Furthermore, compared to active dried yeast, the use of the product of the present invention provides beer with an improved flavor compound profile, particulary if a Pichia kluyveri strain is used.

The present invention thus also provides a method for producing beer, comprising the steps of a. providing at least 50 L of wort in a fermentation tank;

b. connecting, e.g. by means of a pipe or tube, the closed container according the present invention with the tank so that the yeast product can be transferred (e.g. by pumping or injecting) to the fermentation tank; and c. fermenting the wort to provide beer.

As discussed above, the preferred volume of the yeast product provided in the container depends on the volume of wort in the fermentation tank. The fermentation and subsequent processing (e.g. filtration) is performed in the usual manner.

The wort has a preferred gravity (a measure of sugar content) of at least 10° Plato, preferably at least 12° Plato, more preferably at least 16° Plato., such as 16 to 25 ° Plato. It was surprisingly found that the advantages of the products of the present invention with regard to fermentation time are particularly pronounced when fermenting high gravity wort. In one embodiment, the yeast product can be used to start fermentation without prior propagation. This is what is usually performed at smaller breweries like craft breweries and microbreweries.
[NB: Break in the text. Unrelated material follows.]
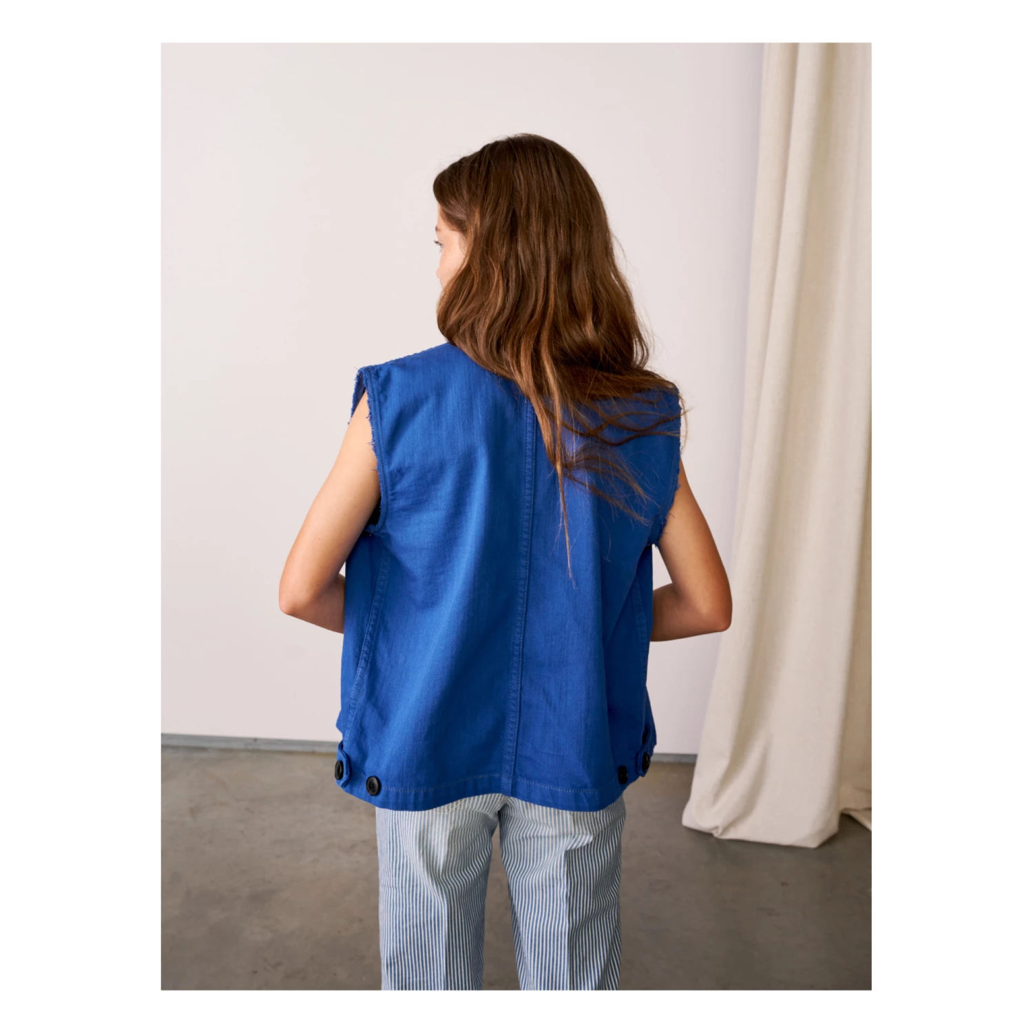 - Top stitched, Straight edges, Press stud flap pocket(s), Sleeveless, Shirt collar

In this way, the yeast product can be directly inoculated into the fermentation tank. The fermentation tank has a preferred size of 50 L up to 100 000 L, such as 100 to 10 000 L.

In another embodiment, the yeast product can be used to shorten the yeast propagation time and as such, can be inoculated at any step during the yeast propagation. Yeast propagation often starts in a Carlsberg flask, which contains between 10 - 30 L of wort. Normal yeast propagation will propagate the yeast in a certain volume and this volume will be used to inoculate 10 times the propagation volume.
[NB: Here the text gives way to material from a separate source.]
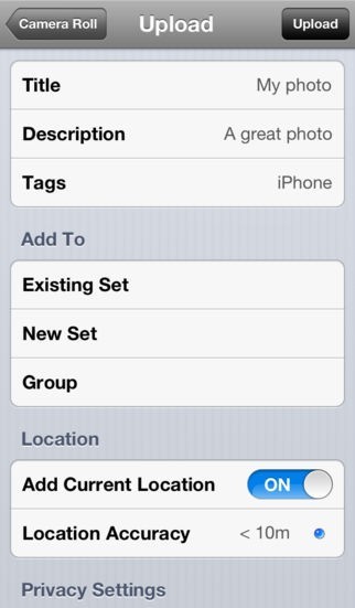 • Upload full resolution photos to Flickr, including background uploading and upload later, EXIF data and GPS location

In a further embodiment, the yeast product can be used to avoid repitching. Traditionally, the yeast slurry obtained after fermentation is re-used. Such a repitching is usually repeated 3 to 10 times. Instead of re-using the yeast slurry for fermentation, the product of the present invention can be used. This is particularly advantageous in the case of brewing using more than 1 brewing yeast strain as the ratio of strains can be kept essentially stable over various fermentation batches.

Deposit and Expert Solution

The applicant requests that a sample of the deposited microorganisms stated below may only be made available to an expert, until the date on which the patent is granted.
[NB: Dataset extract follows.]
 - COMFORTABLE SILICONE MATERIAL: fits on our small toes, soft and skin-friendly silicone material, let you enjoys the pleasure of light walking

The Pichia kluyveri strain deposited at DSMZ (Deutsche Sammlung von Mikroorganismen und Zellkulturen GmbH, Inhoffenstrasse 7B, D-38124 Braunschweig) on 5 March 2014 by 15 Chr. Hansen A/S, Denmark, which was given the accession number DSM 28484.

Examples

Introduction

In Examples 1 to 3, a comparison is made between the frozen yeast product according to the present invention (FYP) and active dried yeast (ADY) of a known lager-type beer strain: Saccharomyces pastorianus \N34l70 in Example 4, the Pichia kluyveri strain DSM28484 was used both as active dried yeast (DY Directe) and thawed viable yeast in liquid form (FYP thawed). FYP was prepared as described above. Two different formats of ADY are used, as is common practice in the brewing industry: ADY rehydrated and ADY direct inoculation.

In Example 1 , both yeast products are compared with respect to dry matter content, viability and vitality, as well as the amount and types of contaminants.

In Example 2, the FYP and ADY yeast are compared in fermentation performance in two different wort types: 1 ) wort with a gravity content of 12°Plato and 2) wort with a gravity content of 18°Plato (called high gravity brewing).

In Example 3, the FYP and ADY yeast are compared in a lower pitching rate in

fermentation performance in two different wort types: 1 ) dry hopped light malt extract with a gravity content of 1 1“Plato and 2) medium malt extract with a gravity content of 10°Plato (called high gravity brewing).

In Example 4, the FYP and ADY yeast are compared with regard to their impact on the flavor compound profile of the resulting beer product.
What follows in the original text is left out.